En cuanto los hombres vivieron en sociedad, debieron apercibirse de que muchos culpables burlaban la severidad de las leyes: castigaban los crímenes públicos, y necesitaron establecer un freno que impidiera cometer crímenes secretos; creyeron, pues, que únicamente la religión podría ser este freno. Los persas, los caldeos, los egipcios y los griegos imaginaron que debía haber castigos después de la vida, y entre todos los pueblos antiguos que conocemos únicamente los judíos admitieron que hubiera castigos temporales, como dijimos en otros artículos. Es ridículo creer o aparentar que se cree apoyándose en pasajes incomprensibles, que admitían el infierno las antiguas leyes de los judíos en el Levítico y en el Decálogo, cuando el autor de dichas leyes no dijo ni una sola palabra que tuviera la menor relación con los castigos de la vida futura. Si eso fuera así, tendríamos derecho para reconvenir al que redactó el Pentateuco, diciéndole: «Sois un inconsecuente, os falta probidad y sois indigno del nombre de legislador que os arrogáis. ¿Conocéis un dogma capaz de reprimir tan necesario para el pueblo coma es el dogma del infierno, y no lo proclamáis terminantemente? Mientras le admiten en todas las naciones que os rodean, os dais por satisfecho con que puedan adivinar ese dogma algunos comentaristas que nacerán cuatro mil años después que vos y que torturarán algunas de vuestras palabras para encontrar en ellas lo que vos no habéis dicho. Pues o sois un ignorante que no sabéis que existe esa creación universal en Egipto, en Caldea y en Persia, o sois un hombre poco avisado, si conociendo ese dogma no habéis hecho de él la base de vuestra religión.»

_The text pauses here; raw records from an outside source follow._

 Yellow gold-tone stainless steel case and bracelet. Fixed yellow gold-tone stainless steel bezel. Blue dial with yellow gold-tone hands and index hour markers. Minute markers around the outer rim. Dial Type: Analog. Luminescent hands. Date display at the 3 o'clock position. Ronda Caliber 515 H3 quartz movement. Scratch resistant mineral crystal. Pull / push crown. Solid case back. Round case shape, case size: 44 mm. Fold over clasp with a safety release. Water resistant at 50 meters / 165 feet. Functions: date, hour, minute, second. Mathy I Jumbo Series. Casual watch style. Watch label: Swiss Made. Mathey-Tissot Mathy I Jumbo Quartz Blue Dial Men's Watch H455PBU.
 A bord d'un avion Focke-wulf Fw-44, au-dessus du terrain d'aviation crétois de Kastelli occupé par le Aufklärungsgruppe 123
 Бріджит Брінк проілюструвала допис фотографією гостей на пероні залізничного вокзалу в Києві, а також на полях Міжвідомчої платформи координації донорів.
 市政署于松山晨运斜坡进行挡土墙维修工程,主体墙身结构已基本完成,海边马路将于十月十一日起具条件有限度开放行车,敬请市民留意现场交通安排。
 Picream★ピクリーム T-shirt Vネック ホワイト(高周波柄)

A ese ataque los autores de las leyes judías únicamente podían contestar: «Confesamos que somos excesivamente ignorantes; que hemos aprendido a escribir demasiado tarde; que nuestro pueblo era una horda salvaje y bárbara que vagó errante cerca de medio siglo por desiertos impracticables, hasta que al fin se apoderó de un país pequeño, por medio del saqueo y de detestables crueldades. No teníamos trato con las naciones civilizadas; ¿cómo pretendéis, pues, que nosotros fuéramos capaces de inventar un sistema tan espiritual? Sólo usábamos la palabra «alma» para significar vida; ni conocemos a Dios, ni a sus ministros, ni a sus ángeles, mas que coma seres corporales: la distinción entre alma y cuerpo, la idea de otra vida después de la muerte, pueden ser el fruto de larga meditación y de sutil filosofía. Preguntad a los hotentotes y a los negros, que ocupan un territorio cien veces más extenso que el nuestro, si tienen idea de la vida futura. Creímos hacer bastante convenciendo a nuestro pueblo de que Dios castiga a los criminales hasta la cuarta generación, ya dándoles la lepra, ya ocasionando muertes repentinas, ya causándoles la pérdida de los bienes que podían poseer.»

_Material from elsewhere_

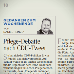 Krasse Geschichten und harte Kommentare, oder? Wenn auch nur die Hälfte der Tweets wahr ist, dann verdeutlicht das, was für ein Riesenproblem Deutschland auf dem Pflegesektor hat: viel zu wenig Personal, unterbezahlt, restlos überarbeitet. Und die sollen bitteschön „gut über Pflege“ reden? Wenn der Twitter-Patzer von Erwin Rüddel für etwas gut war, dann, dass er die Diskussion um die Pflege wieder ordentlich angeheizt hat. Der Politiker hat es tatsächlich geschafft, dass die Menschen über ihre Berufe erzählen – und die Gesellschaft aufrütteln. So wird deutlich, dass es mehr als lauwarme Kompromisse in Koalitionsverhandlungen braucht. Es braucht einen „großen Wurf”, der das Gesundheitssystem nachhaltig verbessert. Warme Worte und öffentlich bekundete Wertschätzung allein ändern nichts an einer Situation, an der sich ganz offensichtlich dringend was ändern muss.
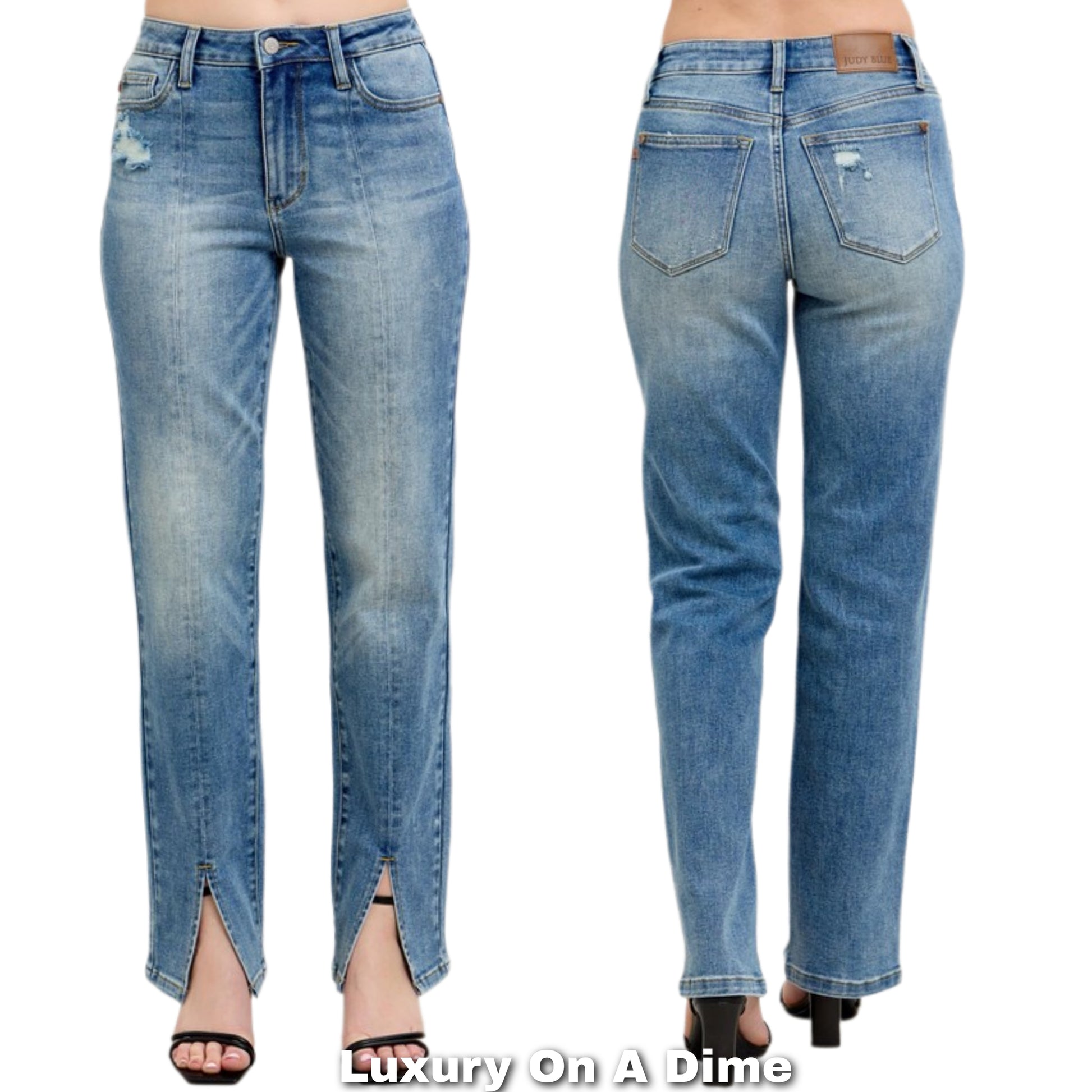 Judy Blue High-Rise Split Hem Distressed Straight Leg Boyfriend Jeans Denim Pants

Podemos contestar a esta apología: «Habéis inventado un sistema muy ridículo, y el criminal que gozara de buena salud y cuya familia disfrutara de prosperidades tendría motivos para burlarse de vosotros.» El apologista de la ley judaica nos replicaría entonces: «Estáis equivocados, porque por cada criminal que raciocina bien hay ciento que no saben razonar. El que después de cometer un crimen no recibiera castigo en su cuerpo, ni en el de su hijo, temería que su nieto lo recibiera. Siempre suceden desgracias en todas las familias, y fácilmente haríamos creer que la mano divina las enviaba.» Fácil sería replicar a esta respuesta, diciendo: «Vuestro argumento es falso, porque vemos todos los días que hombres muy honrados pierden su salud y su fortuna, y aunque no haya familia que no tengan desgracias, si estas desgracias son castigos de Dios, todas ellas deben ser familias de bribones.»

Entre los judíos, los fariseos y los esenios admitieron la creencia de un infierno a su modo. Este dogma lo habían transmitido ya los griegos a los romanos, y lo adoptaron los cristianos.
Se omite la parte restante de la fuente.